If you ask the denizens of the Luofu, they’d scorn the likeness he bears with scathing vitriol. After all, his continued existence is an insult to the shared moral codex that all Xianzhou natives and their coexisting long-life species hold dear. The very ship he stands on knows of the sins of Dan Feng; it is intimately entwined with the recent history of the Luofu. Though he can barely remember the hazy memories of his past life, the marks left behind by his clawed hands are still tender; so much so that the phantasmal imprints of his crime pulses beneath flesh like a second heart. 
Hence, seditious and traitorous would be amongst their most polite of adjectives used to describe his person. 

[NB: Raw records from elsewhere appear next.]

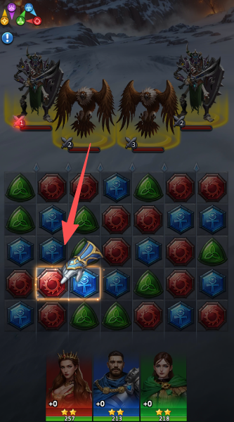 1、看准两个相邻的宝石,轻轻一换,让三个相同的一排,“砰”地一声就能砸向魔龙。
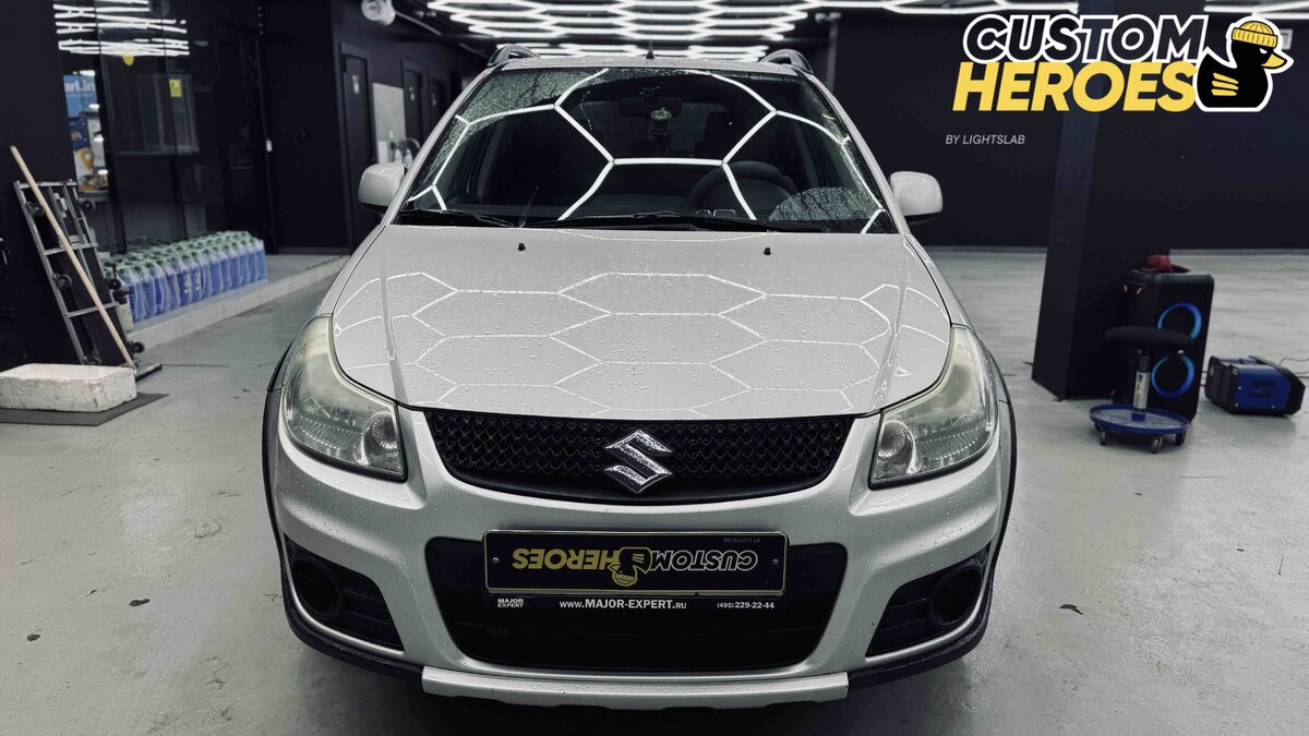 Suzuki SX4 — замена фар, восстановление света и защита полиуретаном Suzuki SX4 — популярный кроссовер, известный своей надёжностью и универсальностью. Однако даже на таких автомобилях со временем ухудшается состояние передней оптики: фары мутнеют, покрываются микротрещинами и теряют яркость из-за воздействия ультрафиолета, реагентов и песка. Владелец обратился в Custom Heroes с проблемой — тусклый свет фар и неэстетичный внешний вид передней части автомобиля. После детальной диагностики наши специалисты установили, что стекла фар сильно запесочены и помутнели, а внутри появились следы износа герметика. Было принято решение произвести полную замену передних фар и выполнить их дополнительную защиту полиуретановой плёнкой. Мы используем только качественные плёнки премиум-класса от проверенных производителей (SunTek, Hexis, STEK, Llumar). Такие материалы обладают высокой прозрачностью и устойчивостью к внешним воздействиям. Основные преимущества: После работ фары Suzuki SX4 полностью преоб
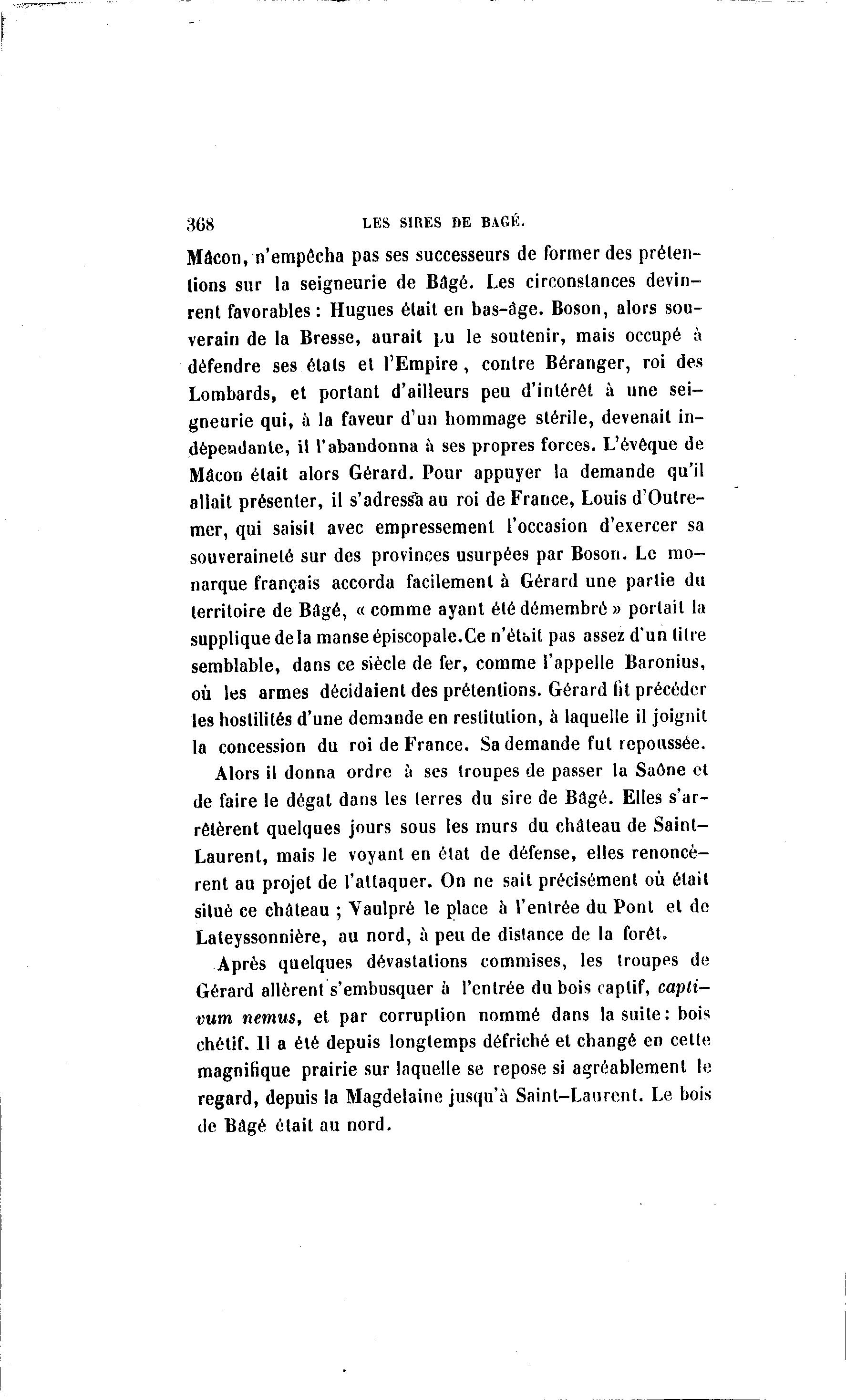 368 LES SIRES DE BAGÉ. Mâcon, n'empêcha pas ses successeurs de former des préten- tions sur la seigneurie de Bâgé. Les circonstances devin- rent favorables : Hugues était en bas-âge. Boson, alors sou- verain de la Bresse, aurait i,u le soutenir, mais occupé à défendre ses états et l'Empire , contre Béranger, roi des Lombards, et portant d'ailleurs peu d'intérêt à une sei- gneurie qui, à la faveur d'un hommage stérile, devenait in- dépendante, il l'abandonna à ses propres forces. L'évêque de Mâcon était alors Gérard. Pour appuyer la demande qu'il allait présenter, il s'adressa au roi de France, Louis d'Outre- mer, qui saisit avec empressement l'occasion d'exercer sa souveraineté sur des provinces usurpées par Boson. Le mo- narque français accorda facilement à Gérard une partie du territoire de Bâgé, « comme ayant été démembré » portait la supplique delà manseépiscopale.Ce n'était pas assez d'un litre semblable, dans ce siècle de fer, comme l'appelle Baronius, où les armes décidaient des prétentions. Gérard fit précéder les hostilités d'une demande en restitution, à laquelle il joignit la concession du roi de France. Sa demande fut repoussée. Alors il donna ordre ù ses troupes de passer la Saône et de faire le dégât dans les terres du sire de Bâgé. Elles s'ar- rêtèrent quelques jours sous les murs du château de Saint- Laurent, mais le voyant en état de défense, elles renoncè- rent au projet de l'attaquer. On ne sait précisément où était situé ce château ; Yaulprê le place à l'entrée du Pont et de Laleyssonnière, au nord, à peu de distance de la forêt. Après quelques dévastations commises, les troupes de Gérard allèrent s'embusquer à l'entrée du bois captif, capti- vum netnus, et par corruption nommé dans la suite: bois chétif. Il a été depuis longtemps défriché et changé en cette magnifique prairie sur laquelle se repose si agréablement le regard, depuis la Magdelaine jusqu'à Saint-Laurent. Le bois de Bâgé était au nord.

If you ask the IPC employees whose spaceships he temporarily boarded, they would find it hard to remember such an unremarkable man in the first place. He’s not a criminal when you remove the man from Luofu. He’s simply another unwelcome—though this is concealed, poorly, behind brief nods and strained smiles—passenger, another burden to kick out at the closest planetary cluster. Though, as long as he works hard, he earns his keep. 
Hence, diligent would be one of the only adjectives few of them attribute to him. The rest simply don’t remember, or perhaps they don’t care. Both are equally probable. 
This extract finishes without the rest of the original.